I hadn’t ridden in the cargo container for a while. It would have been comforting and homey, except it wasn’t my cargo container.

But this hopper was still a company product and I was able to access its feed. I had to stay very quiet, to keep them from noticing me, but all those hours of surreptitiously consuming media came in handy.

Their SecSystem was still recording. They must mean to delete all that before the pick-up transport showed up. Client groups had tried that before, to hide data from the company so it couldn’t be sold out from under them, and the company systems analysts would be on the alert for it, but I don’t know if these people realized that. The company might catch them even if we didn’t survive. That wasn’t a very comforting thought.

As I accessed the ongoing recording, I heard Mensah saying, “—know about the remnants in the unmapped areas. They were strong enough to confuse our mapping functions. Is that how you found them?”
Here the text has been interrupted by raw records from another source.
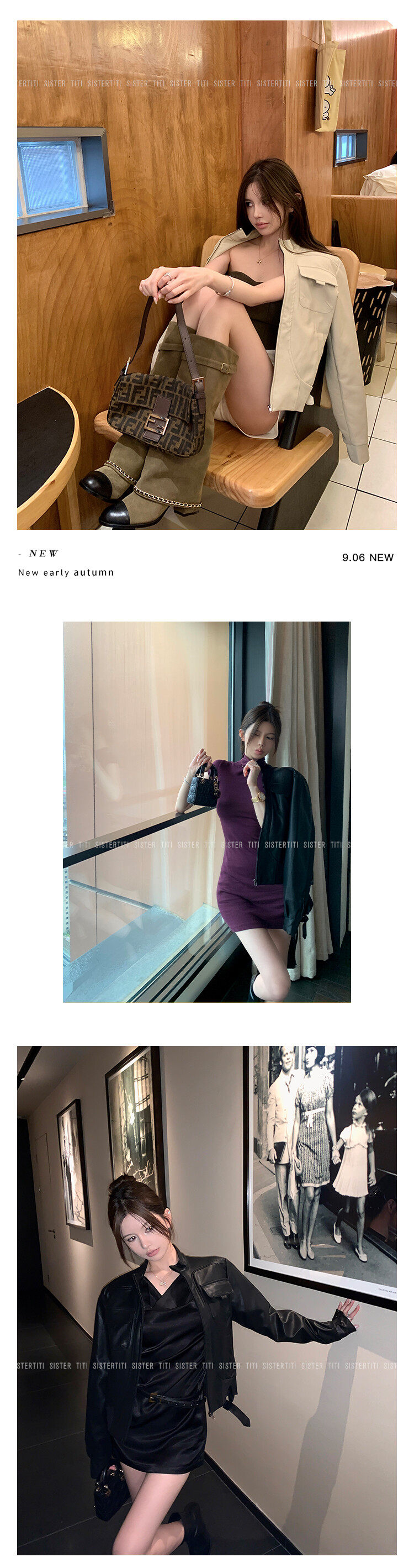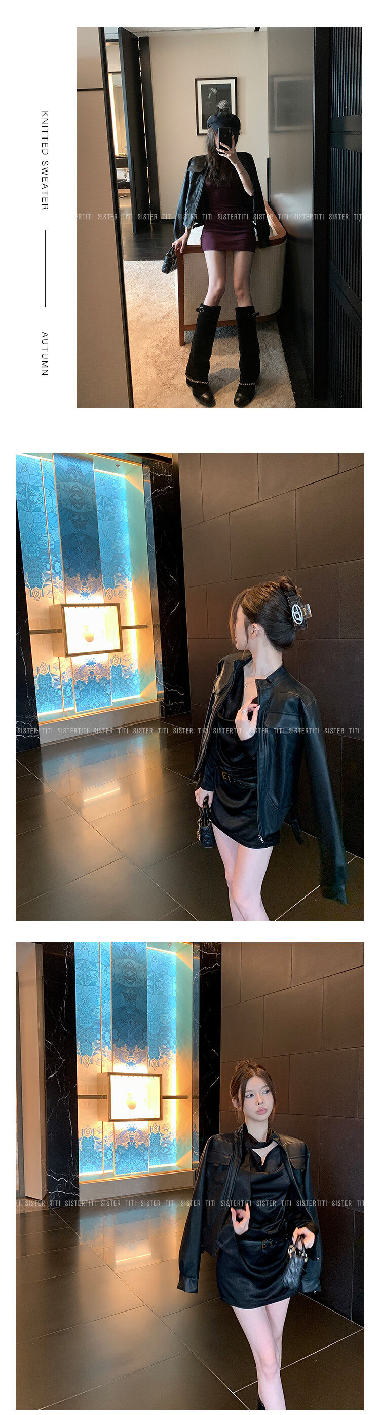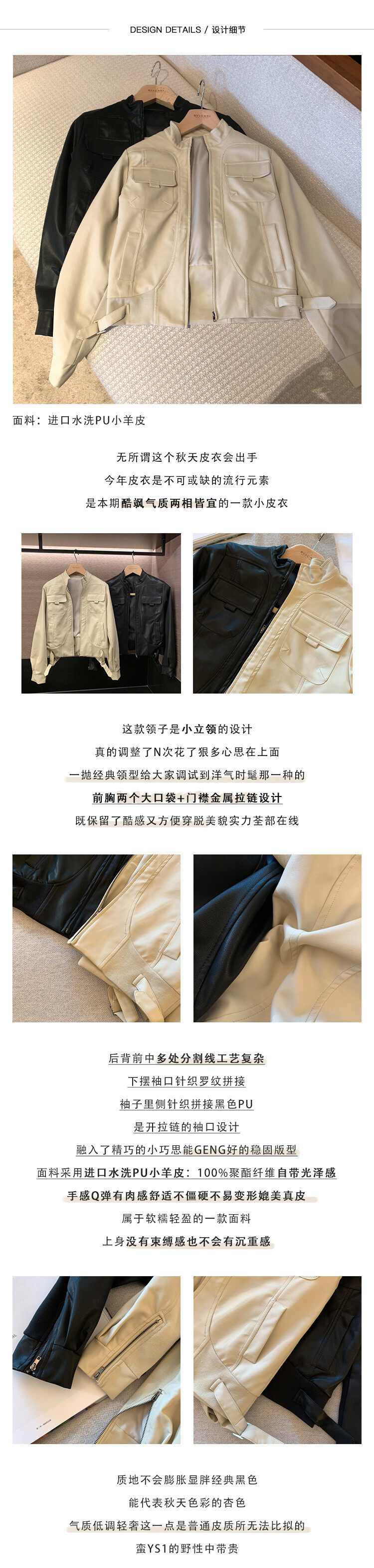 titi小姐姐【落日秋桐】两色立领口袋机车服夹克拉链长袖皮衣外套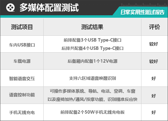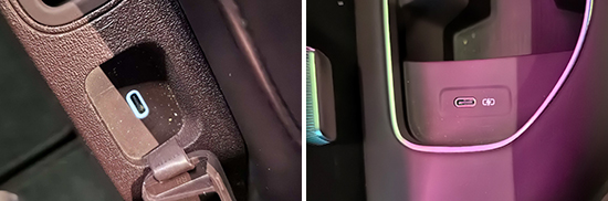在车内USB接口方面,评测车前排配备3个USB Type-C接口;后排共计配备4个USB Type-C接口,第二排和第三排各2个。虽然数量较多,但是接口种类单一,存在优化空间。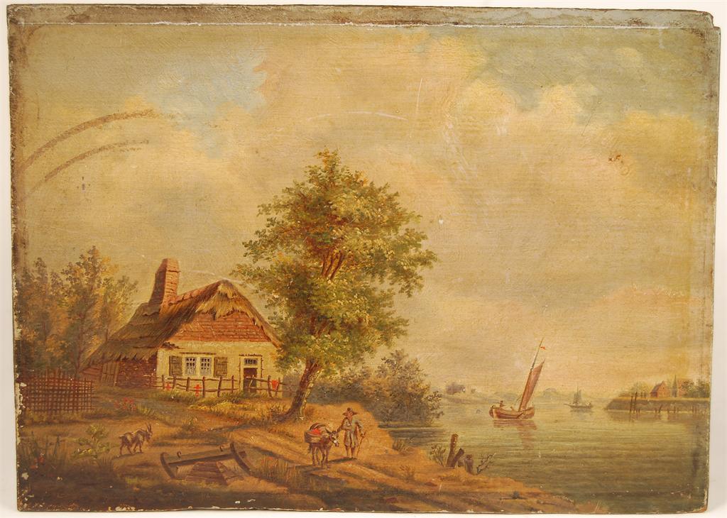 A 19th century oil on panel, figure on a river path with cottage behind and a castle in the distance, 8.5 x 11.5in (21.5 x 29.5cm).
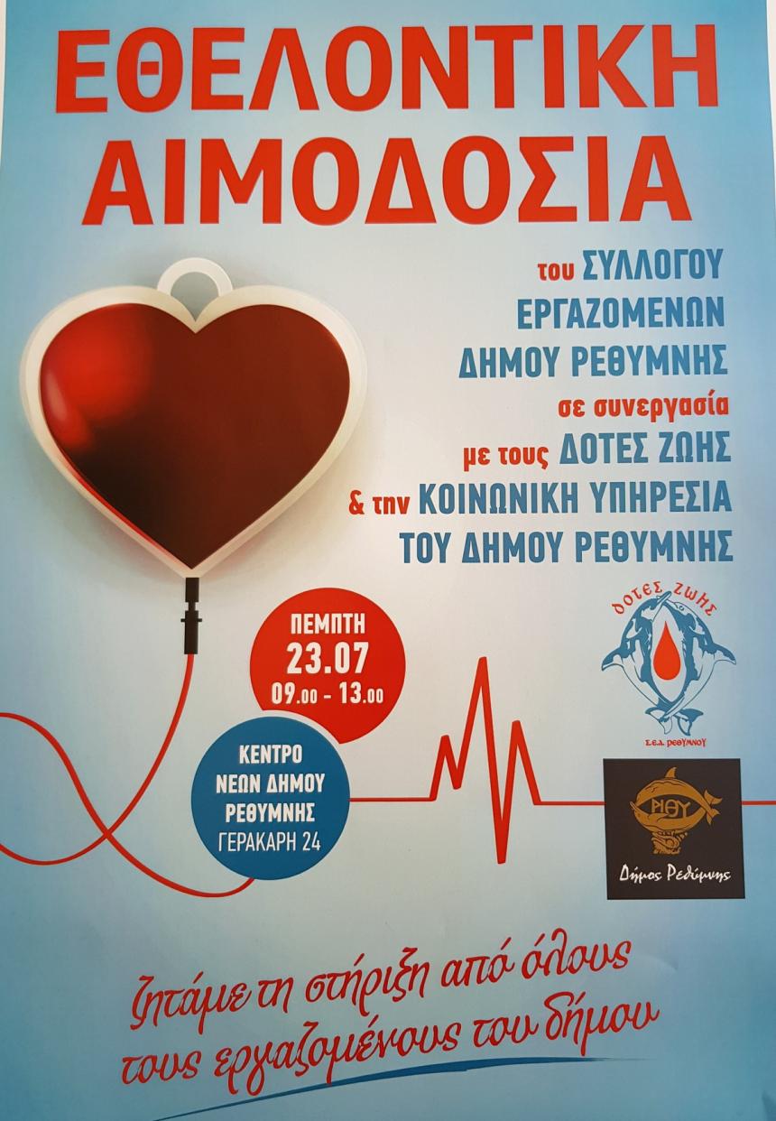 Εθελοντική αιμοδοσία διοργανώνει ο Σύλλογος Εργαζομένων Δήμου Ρεθύμνης σε συνεργασία με την Κοινωνική Υπηρεσία του Δ.Ρ και το Σύλλογο «Δότες Ζωής» Ρεθύμνου.

Bharadwaj had figured that out last night. The unmapped sections weren’t an intentional hack, they were an error, caused by the remnants that were buried under the dirt and rock. This planet had been inhabited at some point in its past, which meant it would be placed under interdict, open only to archeological surveys. Even the company would abide by that.

You could make big, illegal money off of excavating and mining those remnants, and that was obviously what GrayCris wanted.

“That isn’t the conversation we should be having,” Blue Leader said. “I want to know what arrangement we can come to.”

“To keep you from killing us like you did DeltFall,” Mensah said, keeping her voice even. “Once we’re in contact with our home again, we can arrange for a transfer of funds. But how can we trust you to leave us alive?”

There was a little silence. Oh great, they don’t know either. Then Blue Leader said, “You have no option except to trust us.”